Relapse of ITP is a significant concern, as highlighted by recent literature, which emphasizes the need for ongoing monitoring even after initial remission. Relapses can lead to recurrent thrombocytopenia and associated bleeding risks (Tran et al., 2025).
Chronic ITP may also predispose patients to complications related to long-term immune dysregulation, including increased susceptibility to infections due to immunosuppressive treatments and potential development of other autoimmune conditions (Tran et al., 2025). Additionally, treatment-related complications such as adverse effects from corticosteroids or immunosuppressants should be monitored 2.

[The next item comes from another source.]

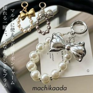 バックチャーム 鞄チャーム キーチャーム キーホルダー スマホストラップ 携帯アクセサリー シルバー チャーム リボン パール 1116

Rare but serious complications include thrombotic events, which paradoxically can occur despite low platelet counts, possibly due to platelet activation and endothelial dysfunction (Tran et al., 2025).
In summary, monitoring should focus on bleeding signs, relapse indicators, infection risk, treatment side effects, and vigilance for thrombotic complications.
Key References
- NG121 - Intrapartum care for women with existing medical conditions or obstetric complications and their babies
- CKS - Platelets - abnormal counts and cancer
- CKS - Hyperthyroidism
- CKS - Bruising
- NG24 - Blood transfusion
- NG239 - Vitamin B12 deficiency in over 16s: diagnosis and management
- (Tran et al., 2025): Relapse and beyond: Navigating the long-term clinical impacts of immune thrombotic thrombocytopenic purpura.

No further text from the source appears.